◆ YOUR OBJECTIVE: Leave every image out, and print the remaining lines below exactly.

◆ SOURCE DATA:
★ ★ ★ ★

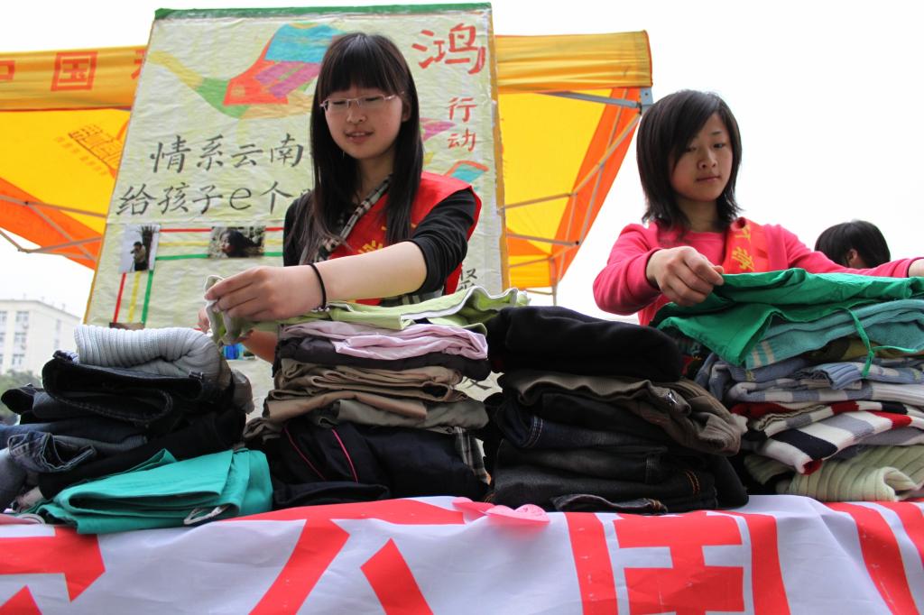 “大家动作快一点,把衣服都叠整齐了,分类放好。”5月9日,在扬州大学瘦西湖校区的篮球场上,文学院青年志愿者协会的志愿者们开展了“情系云南临沧,给孩子e个暖冬”的募集活动。他们在大学生中募集衣物,并将整理好后的衣物统一送往云南临沧灾区。此活动受到了整个校区学生的关注,短短两小时内,志愿者们共收集到一万余件衣物,装了整整二十三个收纳袋。
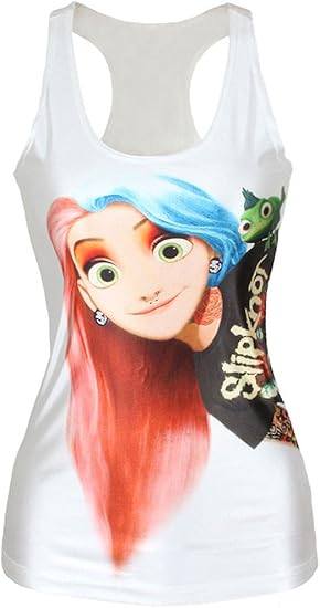 Debardeur Top Blanc Imprime Raiponce Gothique Slipknot Disney Japan Attitude Vettop312
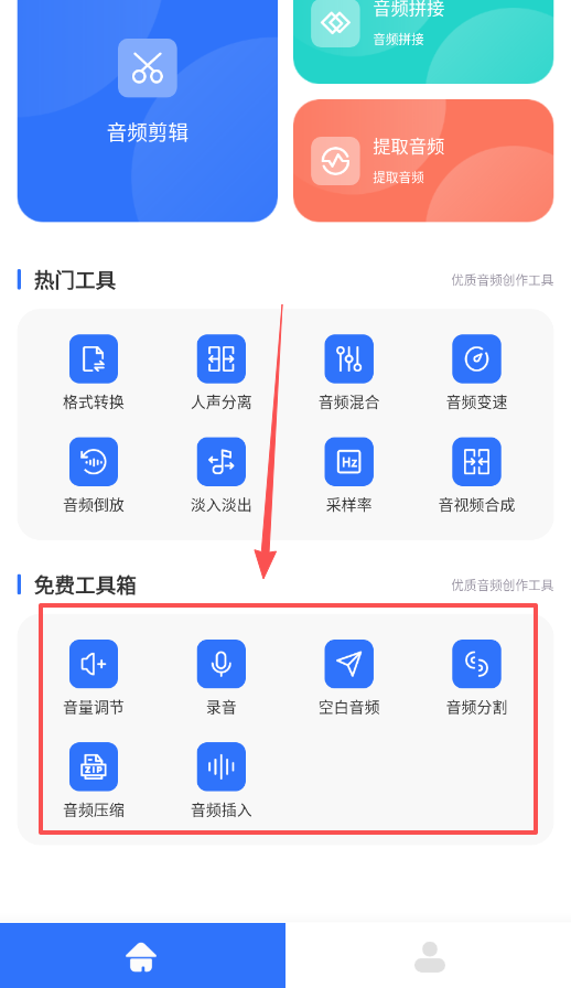 4、调整音频听感呢,用音量调节改变大小,用淡入淡出制造平滑过渡,在免费工具箱中即可使用。

★ ★ ★ ★

◆ FINISHED EXERCISE:
 “大家动作快一点,把衣服都叠整齐了,分类放好。”5月9日,在扬州大学瘦西湖校区的篮球场上,文学院青年志愿者协会的志愿者们开展了“情系云南临沧,给孩子e个暖冬”的募集活动。他们在大学生中募集衣物,并将整理好后的衣物统一送往云南临沧灾区。此活动受到了整个校区学生的关注,短短两小时内,志愿者们共收集到一万余件衣物,装了整整二十三个收纳袋。
 Debardeur Top Blanc Imprime Raiponce Gothique Slipknot Disney Japan Attitude Vettop312
 4、调整音频听感呢,用音量调节改变大小,用淡入淡出制造平滑过渡,在免费工具箱中即可使用。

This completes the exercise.